23 J.K. Dobbins, Ohio State
Dobbins suffered a slight drop-off in productivity in 2018, but that’s no reflection of his talent. It’s just that Ohio State went to the pass more, as evidenced by quarterback Dwayne Haskins’ record-setting year in the Big Ten. Count on Dobbins to play a bigger role for the Buckeyes in 2019 with mobile quarterback Justin Fields running the offense. He can make plays on the ground and through the air and boasts the vision, power and straight-line speed to make a lasting impression in Columbus.
24 D’Andre Swift, Georgia
Swift lived up to his name in 2018 as one of the most explosive, versatile backs in college football. The fleet-footed, multi-tool back used his speed and agility to put up 1,346 yards from scrimmage, including 297 receiving yards off 32 receptions. He had a slow start to the season but showed what he’s capable of in Georgia’s four-game stretch against LSU, Florida, Kentucky and Auburn, rushing for 518 yards and four touchdowns on 9.1 yards per carry. Swift didn’t have the best finish to the season against Texas, but count on him to use that as extra motivation in 2019.
25 Travis Etienne, Clemson
There might not have been a more efficient back in college football last year than Etienne, who amassed 1,658 yards, a nation-leading 24 touchdowns and an absurd 8.1 yards per carry on only 204 rushes. He did that while sharing the backfield with four backs who had at least 60 rushes and a phenomenal quarterback in Trevor Lawrence. And considering the pervasive offensive talent the Tigers return in 2019, there’s no way opponents can afford to stack the box against Etienne.

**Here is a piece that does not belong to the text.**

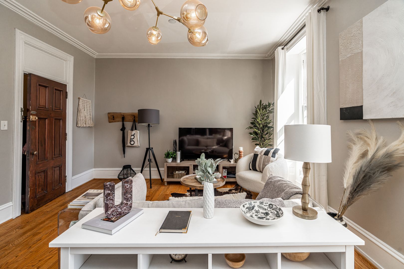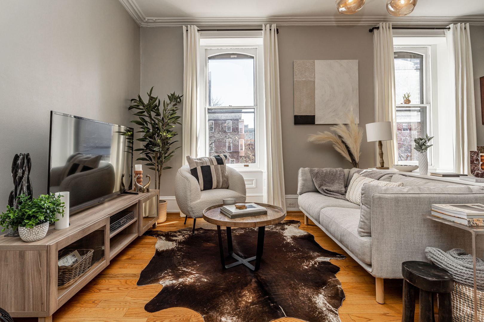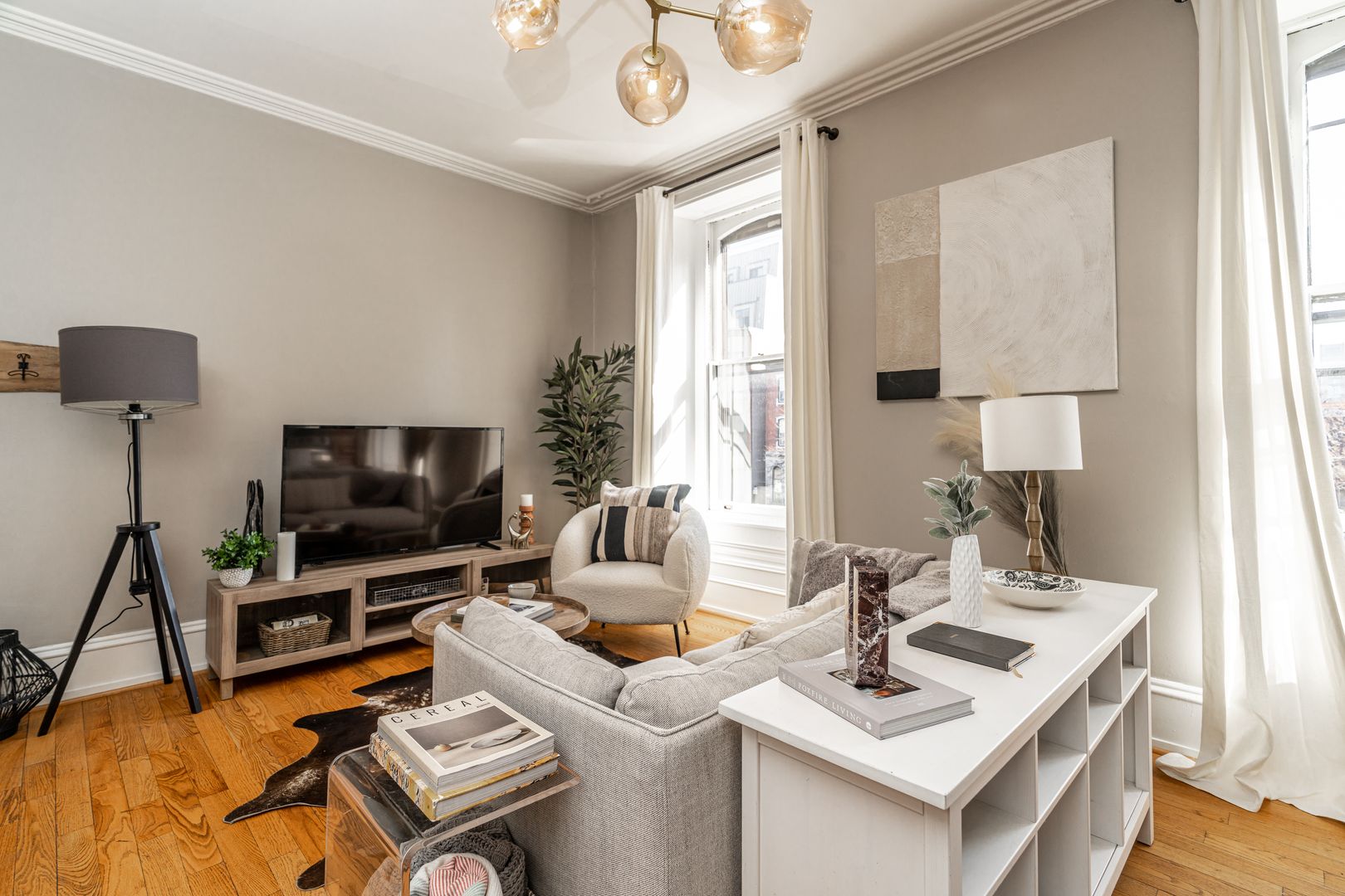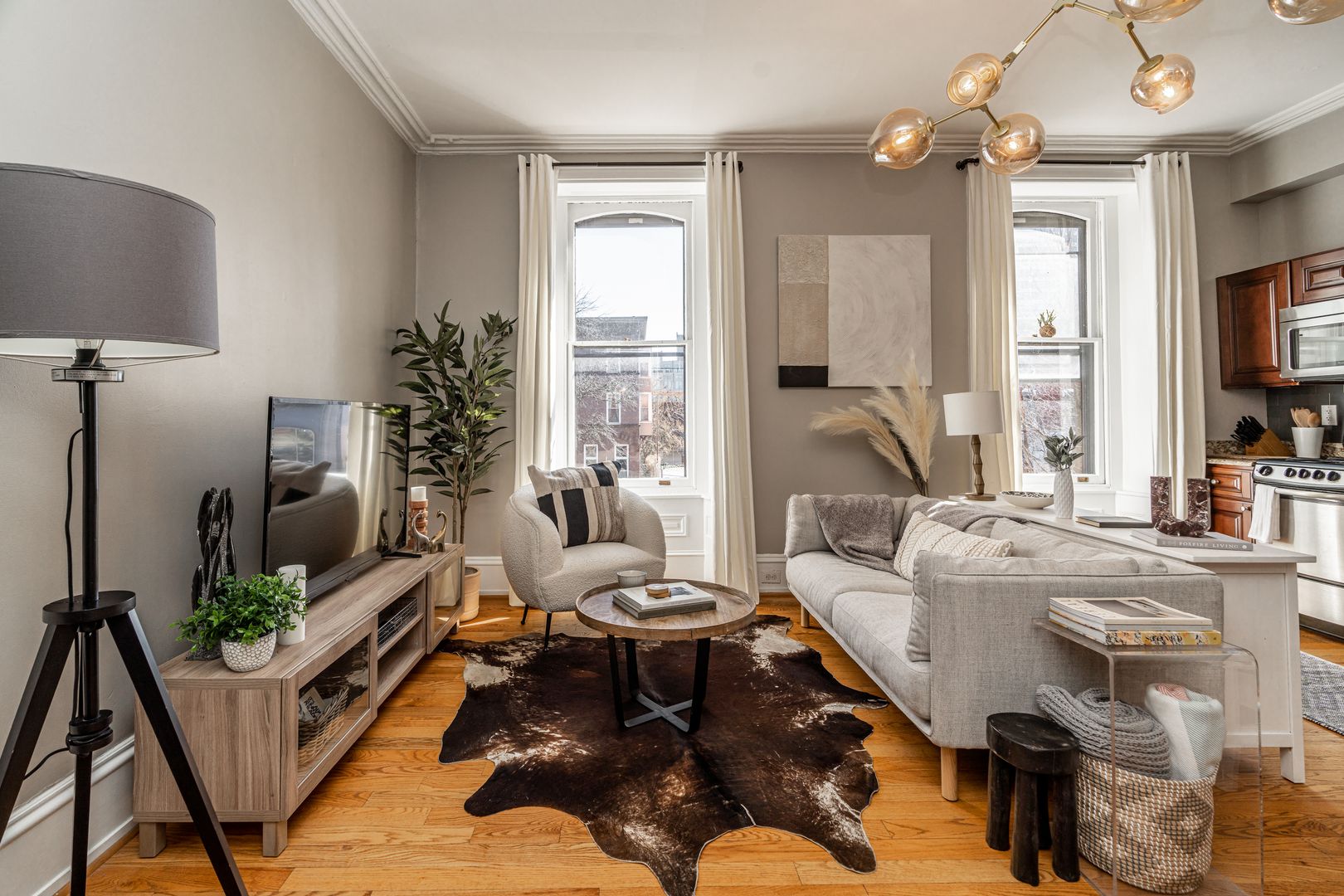 Step inside to soaring ceilings, warm hardwood floors, and oversized windows that fill the space with natural light. The layout is clean, calm, and intentional designed to feel both elevated and comfortable after a day in the city.

26 Jonathan Taylor, Wisconsin
Was there ever any doubt that Taylor is the top back in the country? The rising junior not only crossed the 2,000-yard mark in 2018 — a feat he was only 23 yards away from achieving as a freshman — but he also rushed for 217 more yards than he did in 2017 (on just eight more carries!) despite defenses knowing he would get the ball.

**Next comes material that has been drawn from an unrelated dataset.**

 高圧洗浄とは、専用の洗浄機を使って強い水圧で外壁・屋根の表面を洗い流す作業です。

Taylor is a powerful, north-south runner whose subtle moves can make defenders miss in the first and second level. Perhaps that’s why he improved his rushing yards (2,194), yards per carry (7.1) and touchdowns (16) as a sophomore. He should be No. 2 among Wisconsin’s all-time rushers after his junior campaign, behind only Ron Dayne. If he decides to stay for his senior year, he’ll have a chance to finish No. 1. But for now, there's no doubt he's No. 1 in college football.